Como relaté en una columna llamada Calzada de Tlalpan, mi amor, a principios del siglo XX la llegada de cientos de comerciantes, provenientes principalmente de Morelos y Guerrero, provocó la aparición de los llamados hoteles de paso en esa importante vialidad del sur de la Ciudad de México, porque sus visitantes prácticamente pernoctaban sólo un par de noches antes de regresar a su lugar de origen. Desde finales de los años 60, los hoteles de Tlalpan se convirtieron en el paraíso para los encuentros furtivos de amantes ocasionales. Hay incluso una leyenda urbana que habla de cámaras escondidas y videos grabados que luego eran vendidos en Tepito o puestos callejeros del Centro Histórico. Nunca salí en uno.

Goles, Super Bowls y hasta temblores

Realmente no recuerdo qué es lo más extraño que me ha pasado en un telo. ¿Gritar un gol de Pumas y que en otro cuarto respondieran con aplausos? ¿Encontrarme a la encargada de los viáticos de la oficina en un elevador? ¿Ver ahí un par de Super Bowls o pasar la última tarde del año con una hot wife mientras el marido ultimaba detalles de la cena? Recuerdo un temblor más o menos fuerte la tarde de un domingo hace más de 20 años. Era un edificio de cuatro o cinco plantas y nosotros no salimos de la habitación, pero las camareras pasaron tocando la puerta para pedir que abandonáramos nuestro “nidito de amor”.

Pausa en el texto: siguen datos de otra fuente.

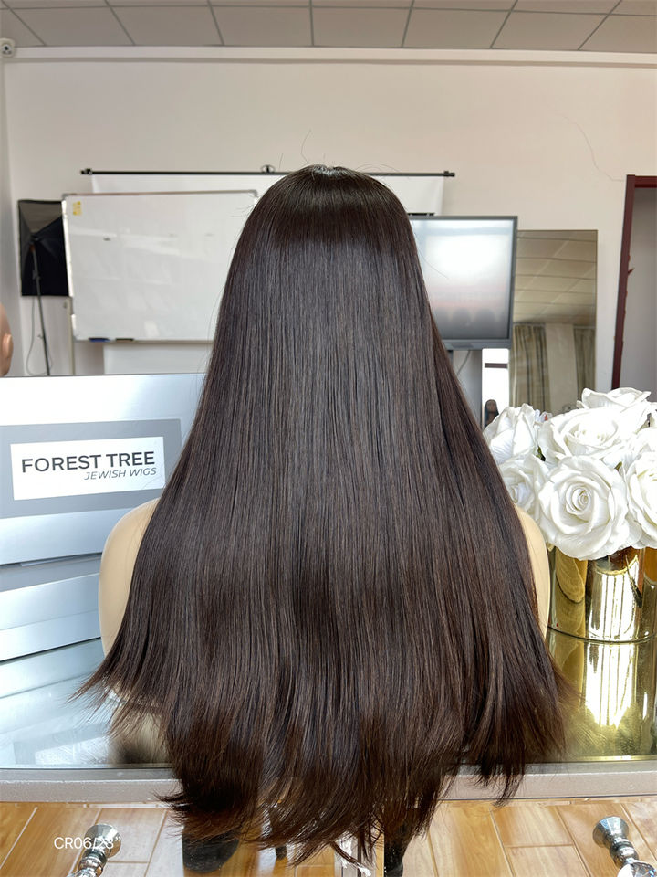 Long Human Hair 100% European Human Hair Wigs Jewish Wig Black Brown Color With Single Knot 5.0 For Hair Loss Women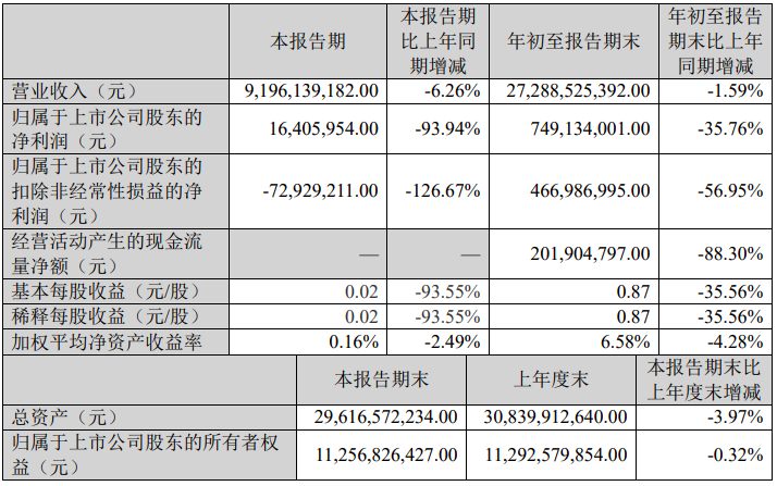 值得注意的是,公司前三季度经营活动产生的现金流量净额比去年同期减少15.24 亿元,下降比例为88.30%, 主要是由于对比同期销售商品收到的现金减少。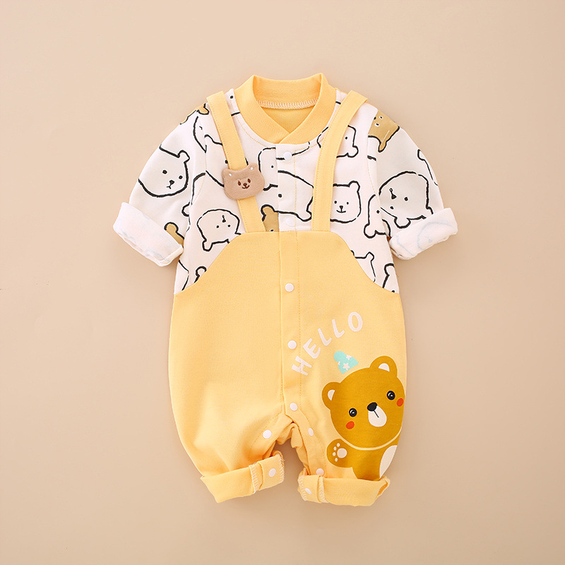 ベビーロンパース春と秋の綿のかわいい赤ちゃんの服秋の長袖の超萌え熊の服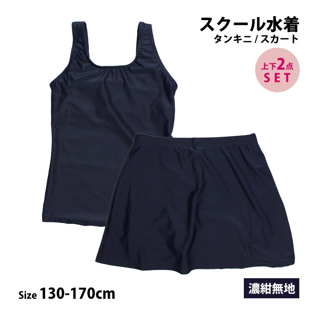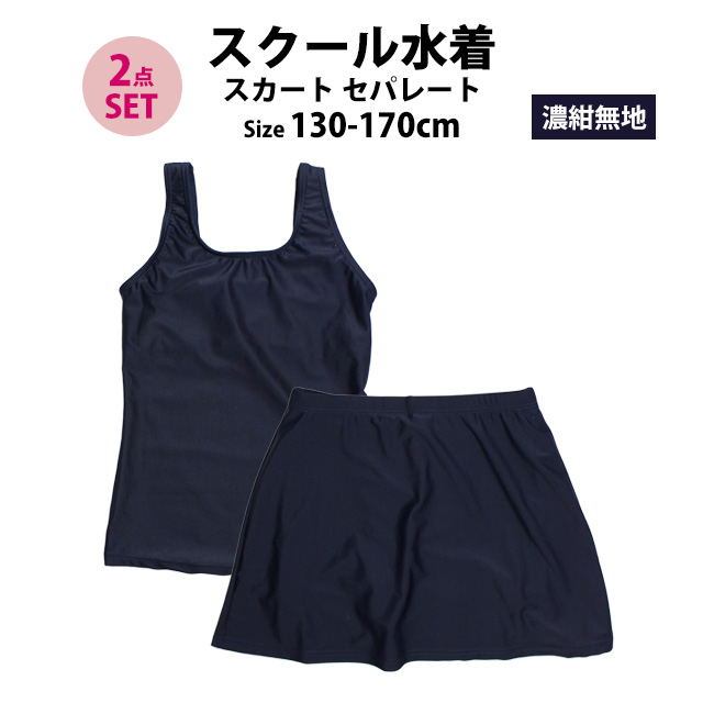 スクール水着 女子 女の子 セパレート スカート 上下 小学生 学校 水着 子供 濃紺 無地 130cm 140cm 150cm 160cm 170cm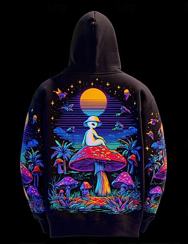 Homme Illusion d'optique Champignon Sweat à capuche Sweatshirt Mode Frais Hippie 3D manche longue Col ras du cou Maison Vêtements de rue Soirée Bleu Noir Bleu de minuit Cordon de serrage Automne Hiver
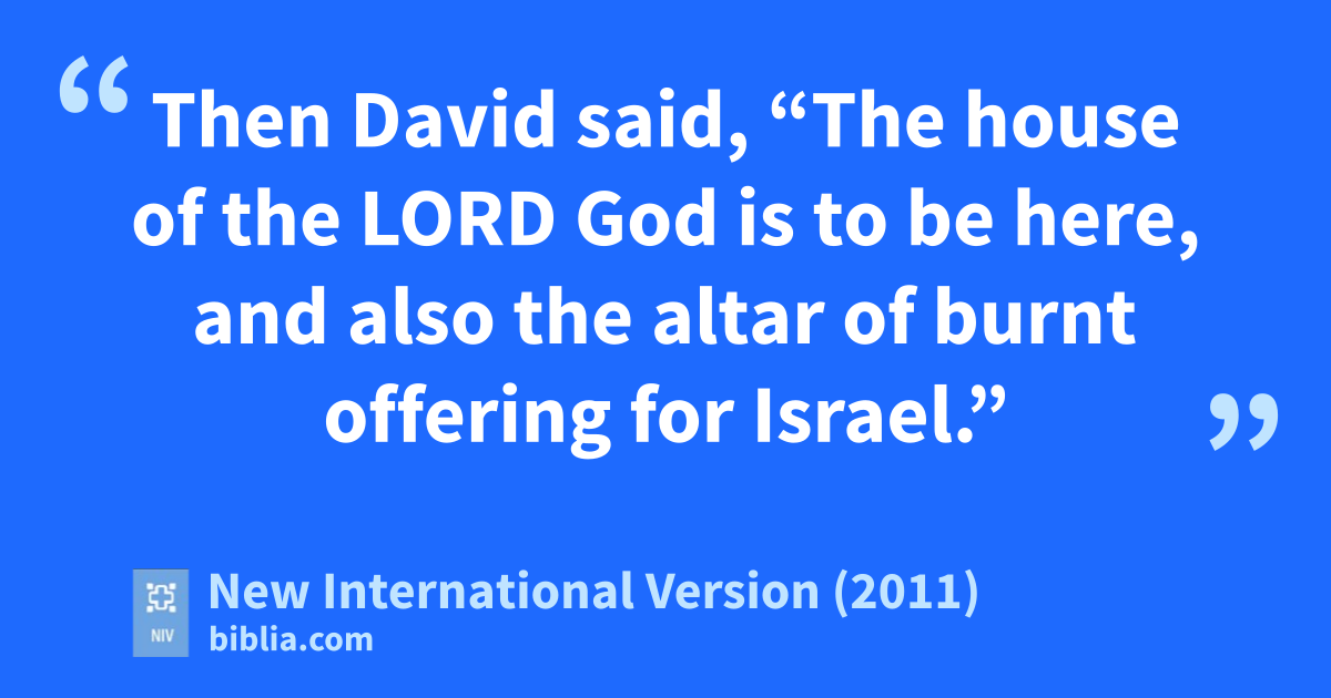 22 Then David said, “The house of the Lord Godu is to be here, and also the altar of burnt offering for Israel.”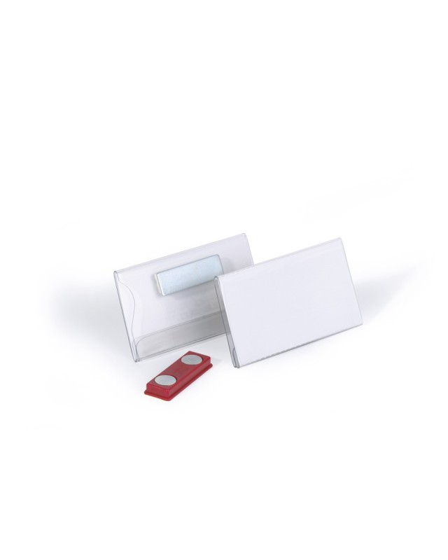 Portanombres con imán para fijar de forma fácil y cuidadosa a textiles delicados. Especialmente indicado para equipar a gran número de personas, p. ej. en conferencias y grandes eventos en los que no se suelen devolver lasetiquetas. Con uñero para fácil intercambio de las etiquetas. Etiquetas d e inserción imprimibles adecuadas.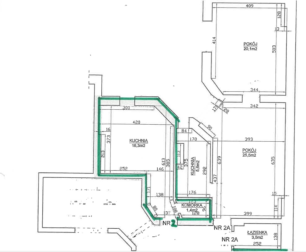Powierzchnia użytkowa lokalu wynosi 92,4 m². W skład lokalu wchodzą: 3 pokoje, kuchnia, komórka, łazienka. Wyposażony jest w 2 balkony. Kuchnia i łazienka z oddzielnym wejściem z korytarza wspólnego dla lokali 2a i 2. Korytarz stanowi części wspólne budynku. Lokal wymaga prac remontowo-naprawczych.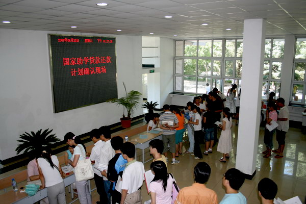 為方便畢業(yè)生辦理還款確認(rèn)手續(xù),我校本年度改變了以往由經(jīng)辦銀行工作人員向?qū)W生進(jìn)行講解并逐一辦理手續(xù)的傳統(tǒng)做法,而是由經(jīng)辦銀行工作人員對學(xué)校各單位、各學(xué)院相關(guān)工作人員進(jìn)行了嚴(yán)格培訓(xùn);在此基礎(chǔ)上,各學(xué)院對學(xué)生開展誠信教育,由受培訓(xùn)的工作人員指導(dǎo)貸款畢業(yè)生填寫還款協(xié)議,最后由經(jīng)辦銀行工作人員對貸款學(xué)生進(jìn)行現(xiàn)場審核與確認(rèn)。

Inolvidable fue aquella tarde del 21 de septiembre de 2005 cuando la policía liberó de su secuestro al entrenador argentino Rubén Omar Romano. En el Motel Los Arcos, en la salida a Toluca, no había cobertura de telefonía celular y cuando vi la noticia por televisión y tomé mi BlackBerry, tenía más de 50 llamadas perdidas, principalmente de los reporteros y fotógrafos de la revista, además de mi jefe. El regaño de mi papá, que siempre me marcaba cuando había una noticia importante, fue épico.

Entre risas recuerdo otra vez en que a un compañero de trabajo le cerraron el estacionamiento donde había dejado su auto y se tuvo que quedar en un hotel de Tlalpan a pasar la noche. Cuando lo dejé frente a la puerta preguntó:

-¿No me vas a meter al estacionamiento?

Después de reputearlo hasta en ruso lo hice que bajara su equipo fotográfico y me fui.

Luego de la experiencia con Carmen, nunca más me llevé “regalitos” de los telos. Me parece de pésimo gusto. Recuerdo a un colega que, cuando nos invitaba a echar trago a su casa, servía orgullosamente las cubas en vasos de vidrio con el logotipo de algunos hoteles de Tlalpan. Nunca llegué a tanto.

¡Vengan las anécdotas, quiero reírme mucho esta mañana!